A new study has unveiled that dark matter is more mysterious and weirder in nature than previously thought. Not only it is difficult to detect but it also makes up 85 percent of the mass of the universe. However, dark matter does not emit any radiation like stars and galaxies, which hinders its direct observation. For the new study, 72 collisions between clusters of galaxies have been analyzed by astrophysicists to detect the movement of stars, clouds of gas and signs of dark matter.
With the aid of the Hubble Space Telescope, observations were taken in visible light and were combined with X-ray images from the Chandra Observatory, NASA’s telescope which has been designed especially for the detection of X-ray emissions from very hot regions of the universe like exploded stars, galaxy clusters and matter around black holes. Information from stars was captured by the Hubble Space Telescope whereas the gas clouds were featured in the Chandra images.
Dark matter does not glow in the electromagnetic spectrum but its gravitational influence on visible matter can be felt. Warping of space-time can bend light passing near dark matter in much the same manner as a lens.

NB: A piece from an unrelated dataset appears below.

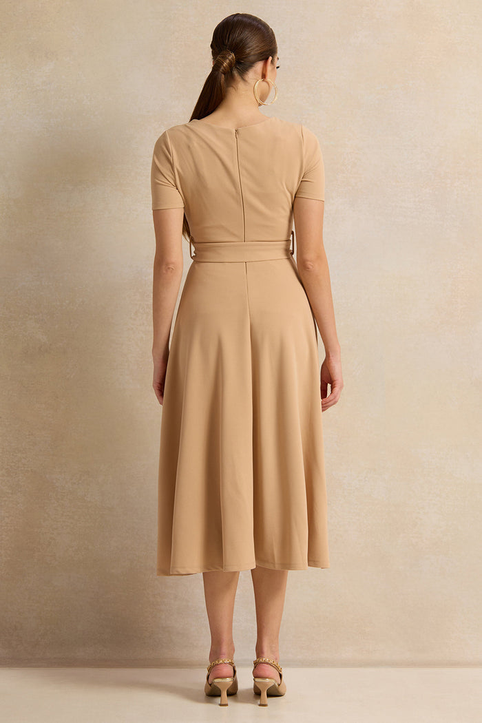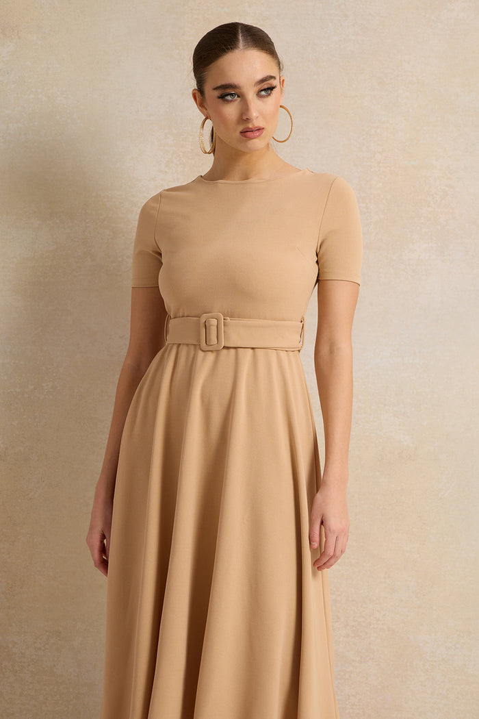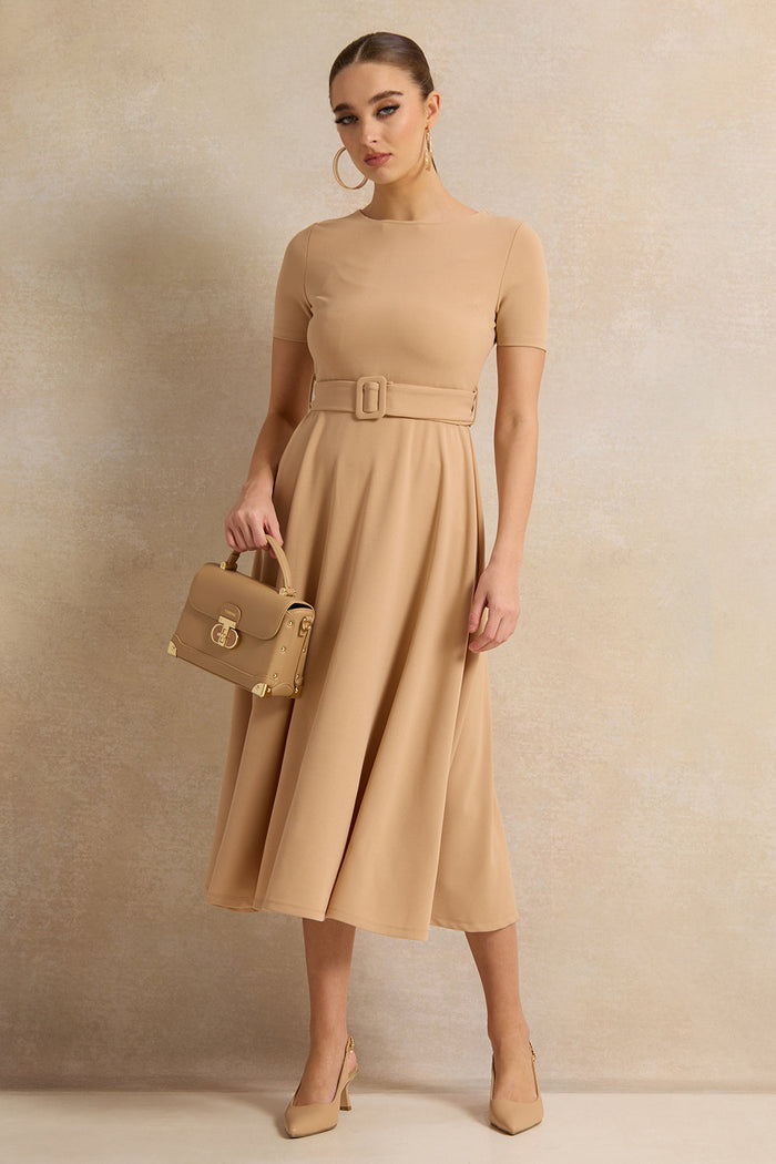 ارتقي بإطلالتك مع هذا الفستان الأنيق، المصمم لتوفير الراحة والرقي. يتميز بقصته الانسيابية وتصميمه الكلاسيكي، مما يجعله مثاليًا للمناسبات اليومية أو الخاصة. يتميز هذا الفستان بأكمام قصيرة وتصميم سادة.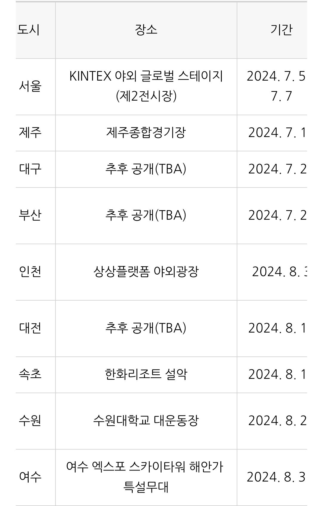 서울에서만 3일간 열리고, 다른 도시들은 하루씩 행사하구요.

Huge amounts of both ordinary and dark matter are present in galaxy clusters. Thus, collisions between systems allow the detection of the influences of dark matter on massive collections of traditional matter. The location of dark matter has been inferred by the scientists by analyzing the behavior of visible matter.
Richard Massey of Durham University stated “We like these collisions because it’s exactly what we’d do in the lab. If you want to figure out what something is made out of, you knock it, or you throw it across the room and see where the bits go.” The study revealed that regions of dark matter passed directly through one another without interacting. Stars mostly traveled through empty space and thus had little interaction with each other. However, during collisions, gas clouds came to a virtual standstill.
David Harvey from the École Polytechnique Fédérale de Lausanne (EPFL) in Switzerland commented “We know how gas and stars react to these cosmic crashes and where they emerge from the wreckage. Comparing how dark matter behaves can help us to narrow down what it actually is.” Evidence of dark matter was found in previous observations of the Bullet Cluster, which is a collision between a pair of large galaxy clusters, and according to the observation, the dark matter exhibited a few interactions, even with itself.
The existence of dark matter has been theorized since the late 1960s and the new study has provided further physical evidence supporting its presence. However, according to most of the theories, such collisions would have slowed dark matter but in the new study no such behavior was noticed, which calls for the development of a new theory about the mysterious substance.